Would you transcribe only the lines below, from the one containing "OHIO MCC creates" through the end of the material, exactly and with no pictures?

● ● ● ● ● ● ●

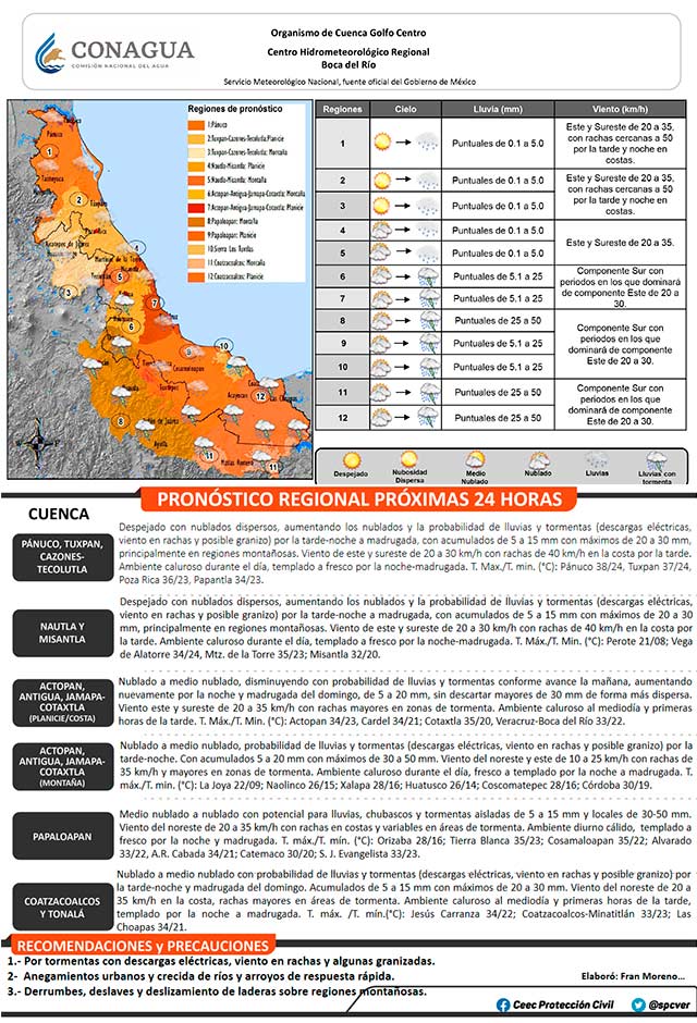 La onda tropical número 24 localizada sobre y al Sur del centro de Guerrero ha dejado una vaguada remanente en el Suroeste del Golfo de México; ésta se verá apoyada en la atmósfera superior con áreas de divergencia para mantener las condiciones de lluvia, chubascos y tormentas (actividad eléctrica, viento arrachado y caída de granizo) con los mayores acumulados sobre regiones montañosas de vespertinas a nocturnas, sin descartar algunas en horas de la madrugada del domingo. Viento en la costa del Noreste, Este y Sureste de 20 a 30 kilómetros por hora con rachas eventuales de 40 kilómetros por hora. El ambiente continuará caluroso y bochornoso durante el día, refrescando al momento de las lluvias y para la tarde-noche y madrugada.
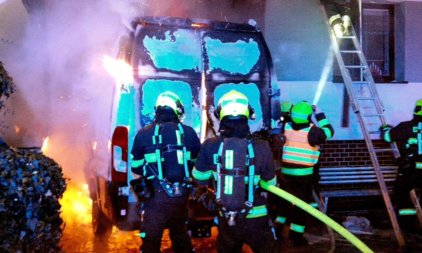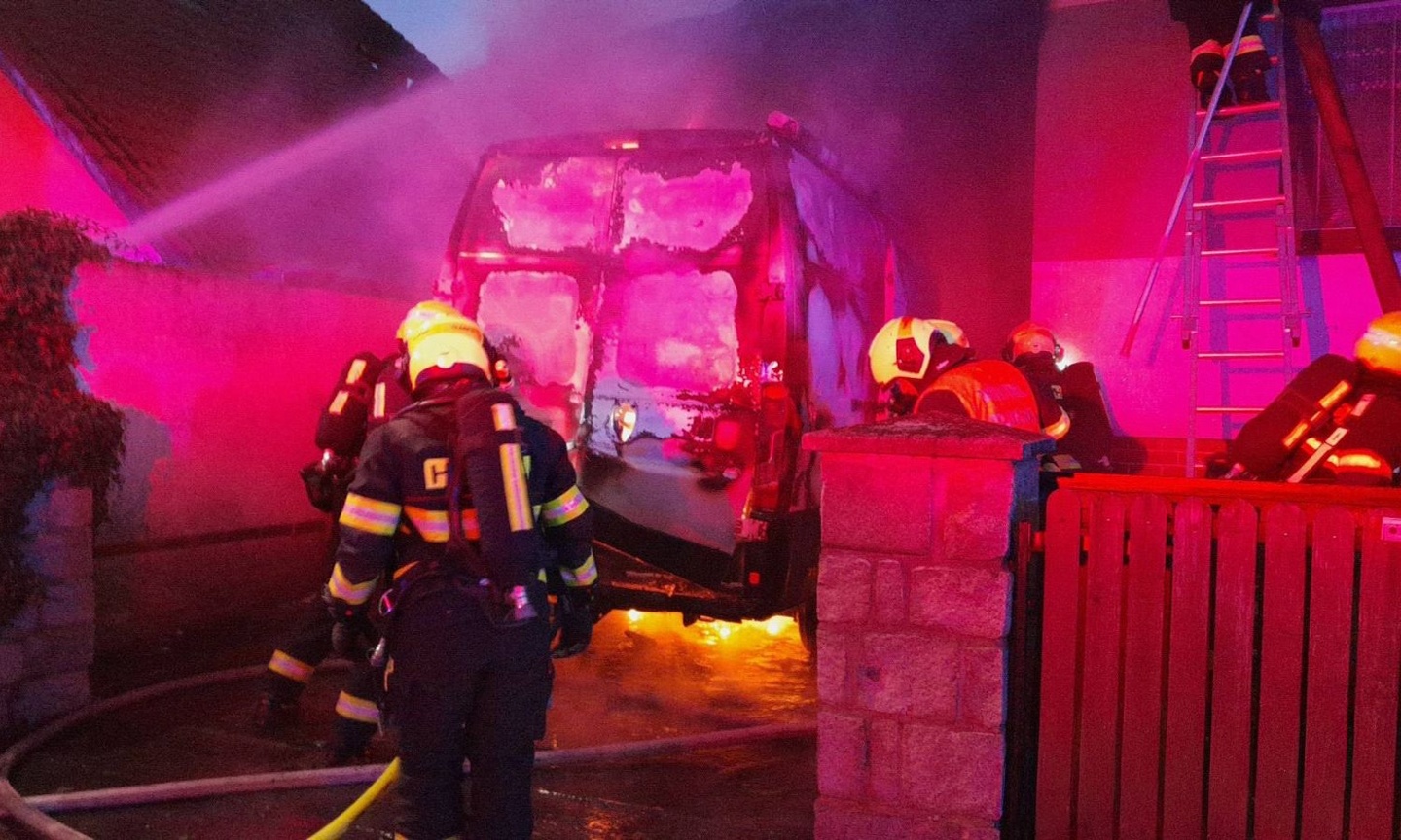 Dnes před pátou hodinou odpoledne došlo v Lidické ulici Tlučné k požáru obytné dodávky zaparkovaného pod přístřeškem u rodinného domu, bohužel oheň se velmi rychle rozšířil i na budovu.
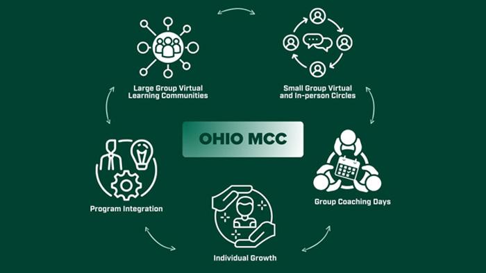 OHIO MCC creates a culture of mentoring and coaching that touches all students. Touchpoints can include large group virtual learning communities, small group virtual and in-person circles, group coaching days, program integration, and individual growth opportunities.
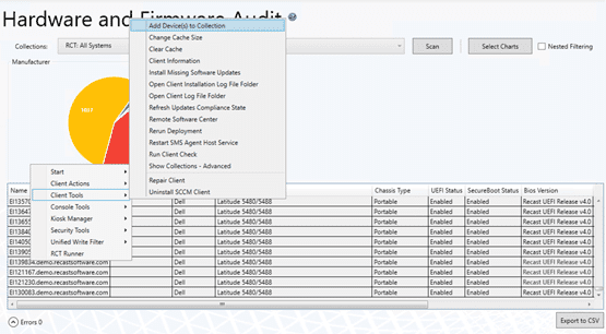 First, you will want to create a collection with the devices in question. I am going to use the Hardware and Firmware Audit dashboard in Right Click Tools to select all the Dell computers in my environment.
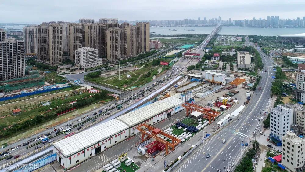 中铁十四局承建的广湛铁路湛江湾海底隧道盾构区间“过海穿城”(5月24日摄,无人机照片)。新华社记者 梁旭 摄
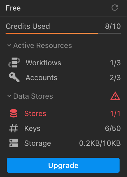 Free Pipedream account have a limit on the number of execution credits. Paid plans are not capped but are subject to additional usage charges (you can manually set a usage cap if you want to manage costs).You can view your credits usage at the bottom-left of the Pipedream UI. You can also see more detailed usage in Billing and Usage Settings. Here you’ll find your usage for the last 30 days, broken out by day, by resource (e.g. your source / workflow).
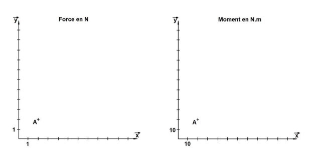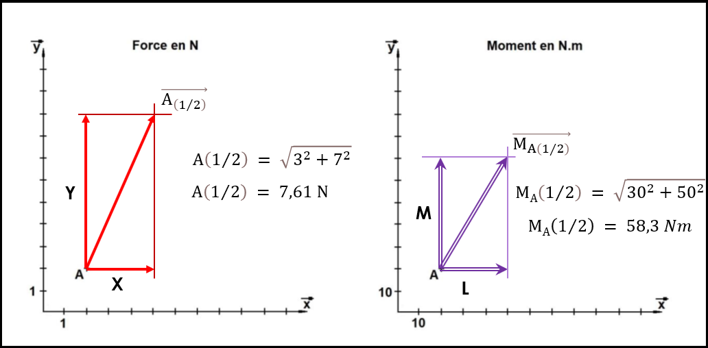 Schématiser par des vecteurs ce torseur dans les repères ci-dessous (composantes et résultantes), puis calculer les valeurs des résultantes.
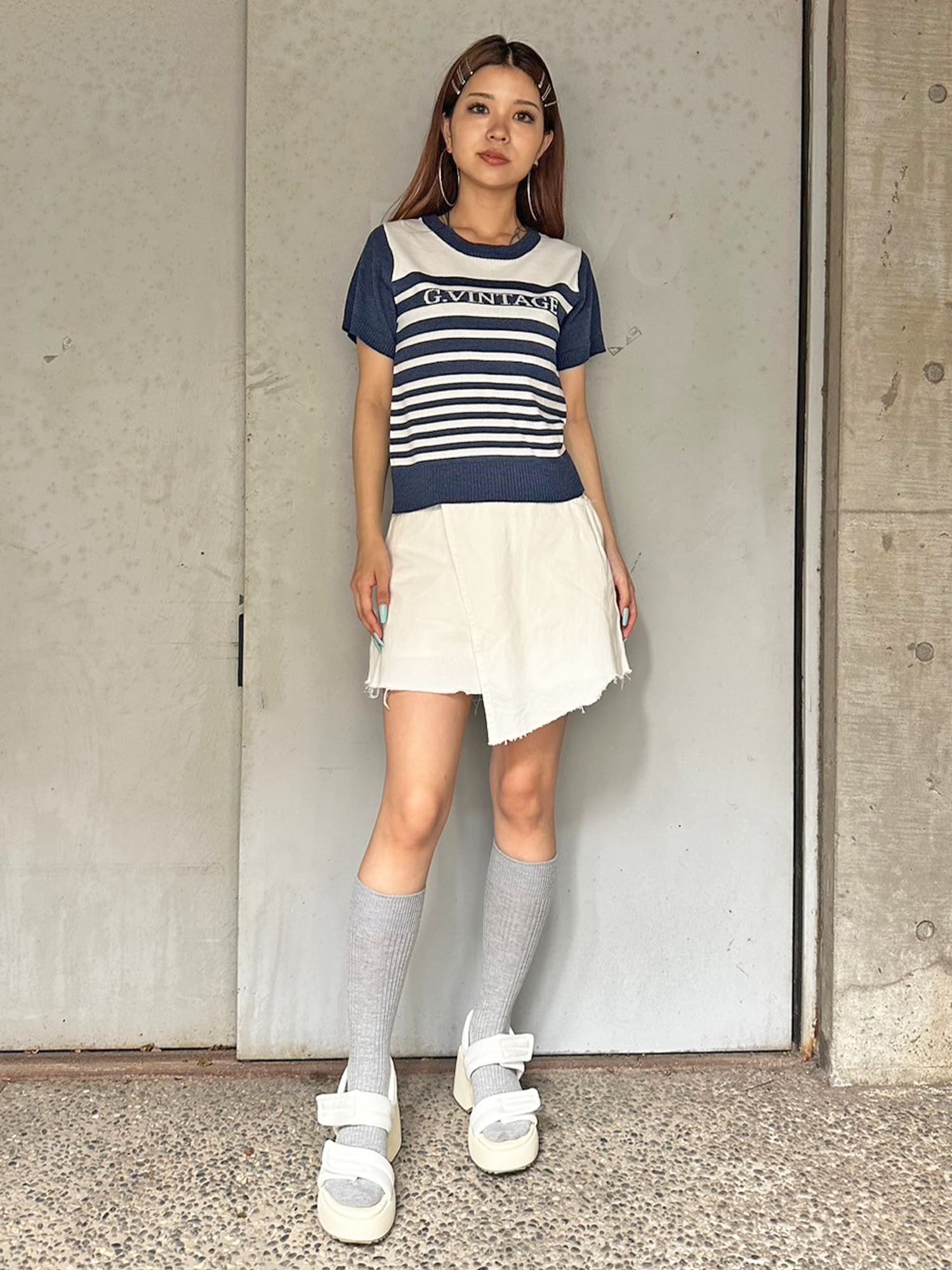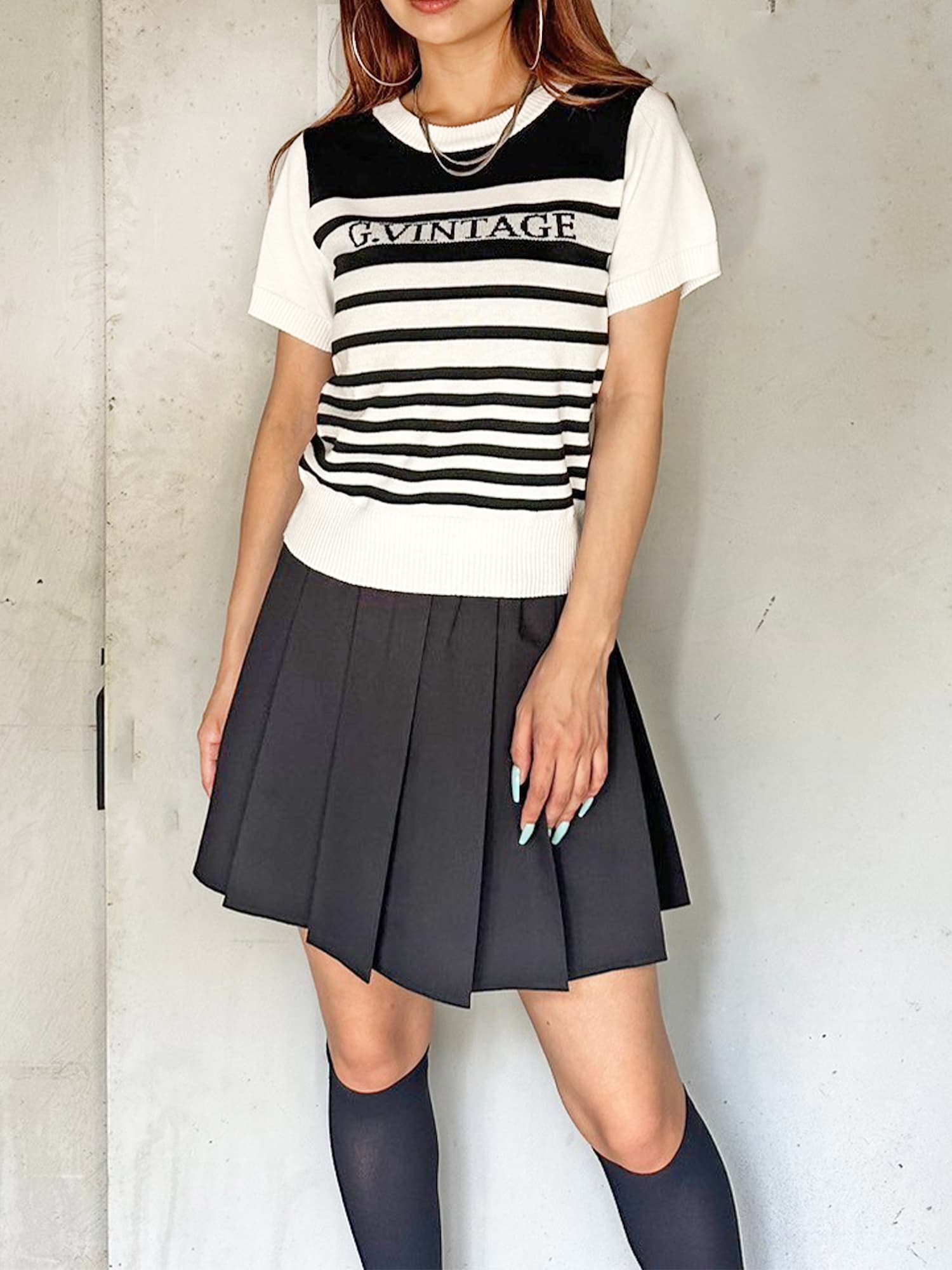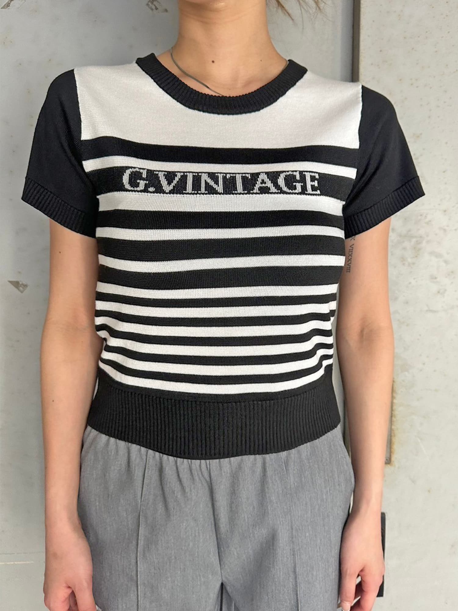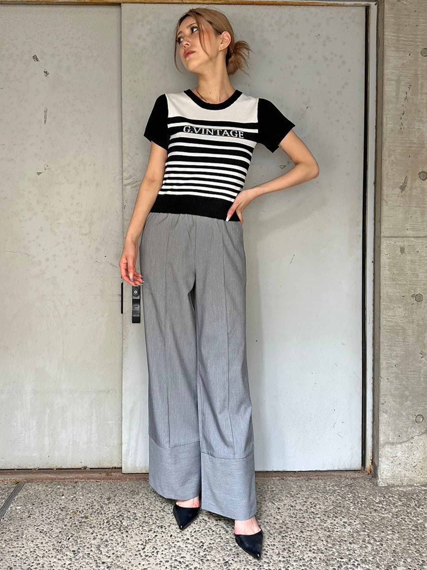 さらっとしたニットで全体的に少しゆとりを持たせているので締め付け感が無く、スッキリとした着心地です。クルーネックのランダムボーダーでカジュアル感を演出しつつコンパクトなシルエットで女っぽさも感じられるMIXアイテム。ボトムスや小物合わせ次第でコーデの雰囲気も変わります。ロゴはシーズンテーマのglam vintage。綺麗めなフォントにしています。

● ● ● ● ● ● ●

| Written answer |
 OHIO MCC creates a culture of mentoring and coaching that touches all students. Touchpoints can include large group virtual learning communities, small group virtual and in-person circles, group coaching days, program integration, and individual growth opportunities.
 First, you will want to create a collection with the devices in question. I am going to use the Hardware and Firmware Audit dashboard in Right Click Tools to select all the Dell computers in my environment.
 中铁十四局承建的广湛铁路湛江湾海底隧道盾构区间“过海穿城”(5月24日摄,无人机照片)。新华社记者 梁旭 摄
 Free Pipedream account have a limit on the number of execution credits. Paid plans are not capped but are subject to additional usage charges (you can manually set a usage cap if you want to manage costs).You can view your credits usage at the bottom-left of the Pipedream UI. You can also see more detailed usage in Billing and Usage Settings. Here you’ll find your usage for the last 30 days, broken out by day, by resource (e.g. your source / workflow).
 Schématiser par des vecteurs ce torseur dans les repères ci-dessous (composantes et résultantes), puis calculer les valeurs des résultantes.
 さらっとしたニットで全体的に少しゆとりを持たせているので締め付け感が無く、スッキリとした着心地です。クルーネックのランダムボーダーでカジュアル感を演出しつつコンパクトなシルエットで女っぽさも感じられるMIXアイテム。ボトムスや小物合わせ次第でコーデの雰囲気も変わります。ロゴはシーズンテーマのglam vintage。綺麗めなフォントにしています。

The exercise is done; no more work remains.